Justin quickly came to terms with the situation and was of considerable help in shouldering me out of the ocean and onto the beach to where I could sit down and further asses the situation.  A short time later our compadre Woody arrived (after what seemed like more than significant time to rub in sunscreen) and immediately offered a helping hand.  Apparently, it was discernible I was struggling.  It took the two of them to help me hobble down the beach back to the porch of the lodge.  Just then, both the supposed Mexican sportscaster and Juan, the lodge foreman, arrived on the scene in order to surmise the commotion.  Immediately Juan convinced the supposed Mexican sportscaster of the benefits of urinating on my ankle.  Let it be known that the supposed Mexican sportscaster knows little Spanish and Juan speaks no English.  However, the universal man pissing gesture needs no translator.  After a brief awkward silence one could hear the sound of a lightbulb clicking on just above the head of the supposed Mexican sportscaster.  “I’m not going to pee on your foot,” he continued, “I’m going to pee in a cup so you can pour it on your foot.”  Then he dashed for the kitchen.


In trying to remain calm and endure the ray’s venom searing it’s way up my right leg and into the lymph nodes in my hip I let my thoughts drifted back to Wyoming and the coldest February in quite some time.  What I wouldn’t do to thrust my leg in a snowbank… my thought was disrupted when the supposed Mexican sportscaster handed me a piss-warm plastic cup.

Thinking this was the cure all I so desperately desired and an environmental catastrophe at the same time, the pain won over the environmental impact of the cup and I immediately doused my wound with someone else’s urine, to little or no avail, spilled a few drops on my iPhone only to have the spilled cupful roll downhill to and encircle my supportive uninjured foot.  By then the pain had increased up under my right ribcage causing me to flat-out not care.  Good thing I was not calling the shots here.  The cupful did nothing but make Juan and the supposed Mexican sportscaster laugh.  Thankfully, Lily, the lodge manager was first-rate when asked to call the shots during a stingray incident. Although off at volleyball practice, Juan was able to reach her on a cell phone.  Having recently dealt with another’s encounter with a stingray that resulted in a trip to the Emergency Room, Lily offered amazing advice.

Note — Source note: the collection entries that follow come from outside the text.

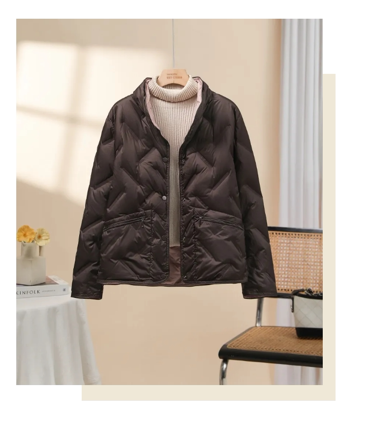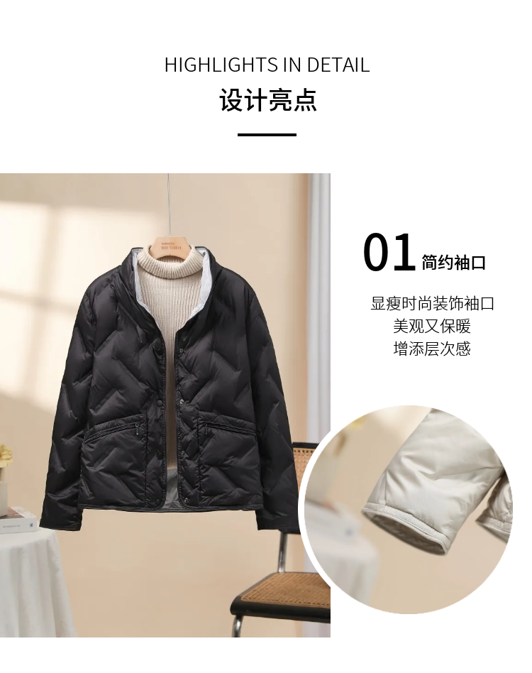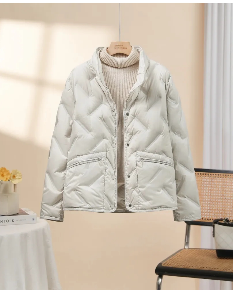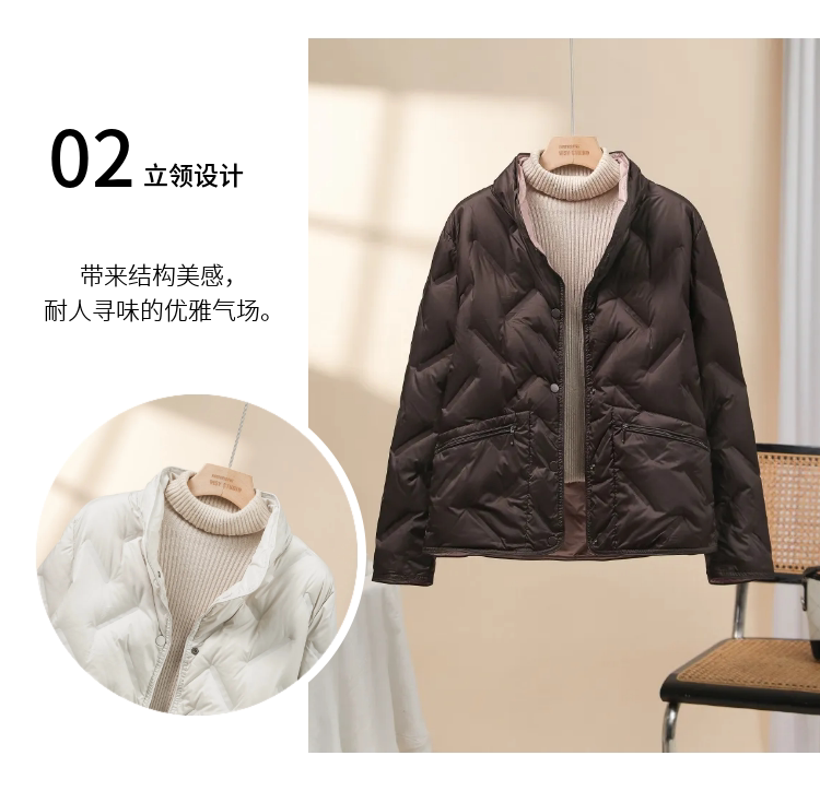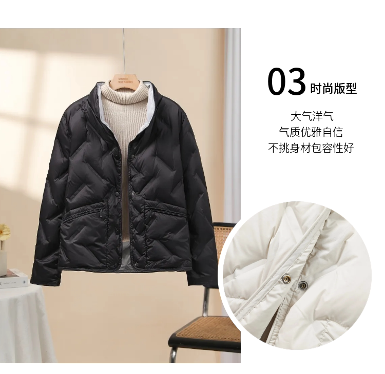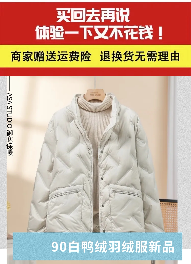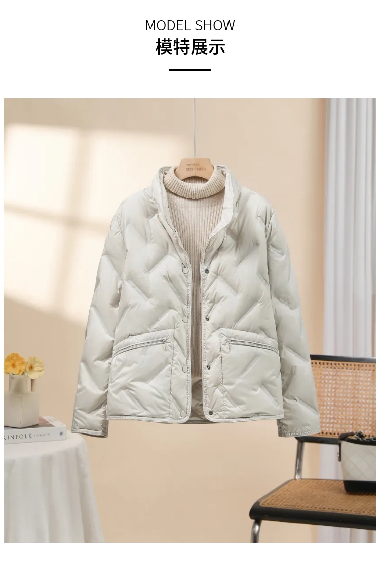 Lightweight stand-up collar down jacket women's short 2025 new style small fashion taped 90 white duck down thin style autumn and winter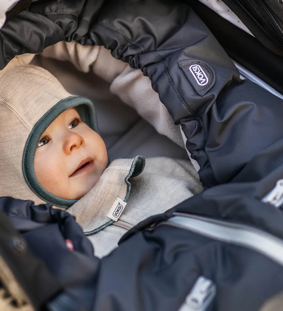 Skøn Voksi kørepose i modellen Active i ensfarvet navy med grå detaljer.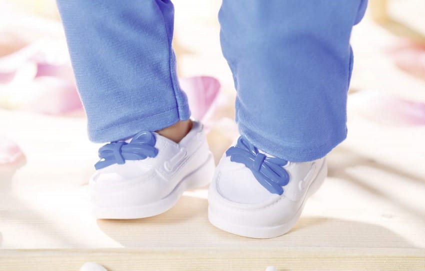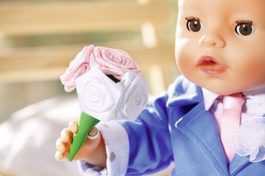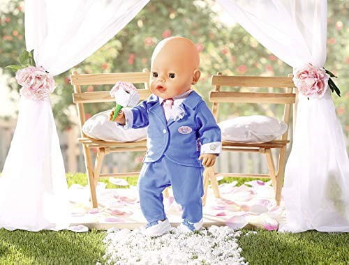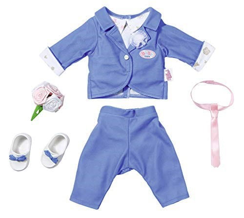 Mały pan młody nosi niebieski garnitur składający się ze spodni i marynarki z koszulą i kwiatem na odwrocie. Dzięki różowemu krawatowi wygląda wyjątkowo elegancko. Białe buty z niebieskimi kokardkami są szczególnie wygodne do tańca na weselu.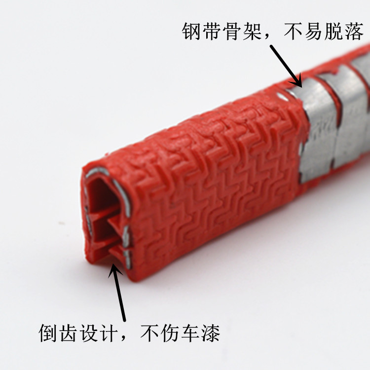 很多密封條都含有鋼帶,像(xiàng)汽車門框密封條、前後機蓋(gài)密封條、汽車內外擋(dǎng)水條、u型裝(zhuāng)飾條等(děng)。鋼帶在密封條起著(zhe)很(hěn)大的作用,為了裝配導槽(cáo),因此,導槽斷麵底(dǐ)部應設計出相應結構,既易於裝入,又能(néng)利用(yòng)密封條自身的彈(dàn)性附著在鋼導槽內,防止其脫出;最後是外搭邊的形狀、尺寸,為了改善外觀(guān),導槽外(wài)飾麵應與車(chē)身緊密(mì)貼合。

As it turns out, the one tried and true antidote to alleviate the ill-effects of stingray venom is to soak the injured area in the hottest water tolerable.  Nice to find this out moments after the Mexican sportscaster handed me that warm red cup.  I still didn’t care.  Juan brought a five-gallon bucket of boiling water and added just enough cold water to the mix as to not burn my foot.  The contents were excruciatingly hot.  Not a care nor comparison to the worsening agony.  After ten minutes with my foot in the bucket the pain wained by half, or more.  It was then that I realized the next six days were likely not in jeopardy of being spent in a hospital room in Playa del Carmen.  In fact, after about two or three hours of soaking my injury in hot water, I was that afternoon able to dress the wound and participate in a round of beach Bocci.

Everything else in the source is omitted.